1. Do you use browsers like Internet Explorer, Firefox or Safari?
You don’t want to be constrained by your Internet browser. After all, the browser is only a means to the end of being productive on the web. Office Online works consistently across all major browsers, including Internet Explorer (IE), Chrome, Firefox and Safari. You do not need additional software such as extensions to make this work. You can view Office documents with consistent file fidelity in these browsers. You can edit Office documents using Office Online across these major browsers without worrying about losing the Office file format or the formatting of the document itself.
The experience of Google Docs is skewed toward Chrome browser. Even in Chrome, however, you need to install the “Office Editing for Docs, Sheets & Slides” extension to be able to edit Office documents in the browser. In other popular browsers like IE, Firefox or Safari, Office documents are opened in view-only mode. If you still want to edit the Office document in these browsers, you will have to convert the standard Office document to Google’s proprietary format and risk losing complete file fidelity and formatting of the document.
2. Do you share and collaborate on Office documents?
Do you remember when you last worked on an Office document all by yourself? If you are like me, it’s been a very long time. Most work today happens in collaboration with others.
Sometimes, I leave my comments within the Office document, so others can incorporate my feedback into their work. The flexibility of working on documents without worrying about whether the team is able to meet at a particular time or in a specific place is liberating. Being able to access, review and comment on the documents while on the go gives me the freedom to choose where and how I work. Many of you seek real-time coauthoring of Office documents, so you can see in real-time who else is working on the document. Office Online offers that capability as well.
Office Online enables you to access and collaborate on Office documents whenever and wherever you need. It is the easiest way to share and the most collaborative way to work on Office documents. You can even share Office documents with people who have not created a Microsoft account. So, if you are wondering how you could share and collaborate with your friends with a Gmail account, Office Online works for you as well. Just share the document using Office Online, enter the email address of the person, and voila!
While Office Online encourages collaboration on Office documents, Google inhibits sharing and collaborating on Office documents in Google Docs, Sheets or Slides. The only way to collaborate on Office documents in Google is to email them in the old-school way.
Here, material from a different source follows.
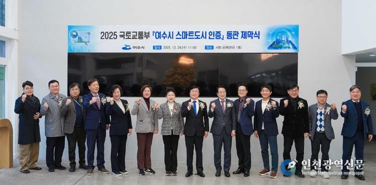 [인천광역신문] 박진 기자 | 여수시는 호남권 최초로 국토교통부 주관 ‘2025년 스마트도시 인증’에 선정되면서 지난 24일 시청 본관 1층 로비에서 동판 제막식을 개최했다.

If you really want to write comments, and share and collaborate with others within the document, Google offers you only one choice. You have to convert the document from standard Office format to Google’s proprietary format. And this results in risking the complete file fidelity and formatting of the document.
3. Do I need to spend time fixing formatting of Office documents?
With the ever-increasing number of devices available today, Office documents are created, shared, reviewed and worked on across different form factors. As you work with these documents, you expect them to look similar no matter how you access them. That’s the promise of Office file fidelity. Even when features are not supported across various platforms, modern Office experiences such as Office Online and Office for iPad enable you to keep the fidelity of the document intact. This promise helps you avoid spending time trying to fix document formatting and instead allows you to be productive and to save time and effort on the project.
Those of you who use Google Drive to store your documents often complain how you lose formatting of your documents when you are working on Office documents using Google. Whether you use Google Docs after installing the “Office Editing for Docs, Sheets & Slides” extension in the Chrome browser or use the latest Docs, Sheets & Slides apps on iOS and Android, you continue to lose document formatting on these devices. For schoolwork, students have to assign someone to fix, format and finalize all formatting changes before submitting term papers. At work, end users have to spend invaluable time and effort to fix the formatting of documents before finalizing their analyses and presentations.
With over one billion users worldwide, Office is the de facto productivity standard. Technology should not limit your ability to share and collaborate on Office documents. Instead, it should simplify the experience and enable creativity. Check out these videos for Word Online, Excel Online and PowerPoint Online to see how Office Online helps you collaborate on Office documents on the web.
Start using Office Online to create, share, collaborate, and coauthor Office documents today!
This article excerpt, by Sanjeevini Mittal, originally appeared here:

AgileDataCenter is made for businesses of all sizes.  AgileDataCenter Dedicated Server Environments are designed to make it dramatically faster and easier to move the contents of your server to new hardware – whether on-site or in the Cloud – and to maximize your existing server(s) as you grow.  With the power of Agile IT and Windows Azure behind you, imagine what you could accomplish.  Contact Agile IT today to get started. Read more

 Whether you’ve got 14,000 employees or four employees, allowing them to communicate with you and with each other is vital to success.  Kennametal found the answer in Office 365. We have seen countless stories of organizations in diverse industries upping their game with Office 365- whether they be in manufacturing and engineering, like Kennametal, or banks, non-profits, education, government.  Office 365 is right for so many industries. Contact Agile IT today to find out if it’s right for you.
Being a CIO is about more than just achieving benchmark performance and lowest costs for technology assets. I believe it’s really about collaborating with your business leaders to drive better overall results for the company. At Kennametal, we recognize the huge impact it makes on getting those results if we have the right people onboard, particularly when they work together.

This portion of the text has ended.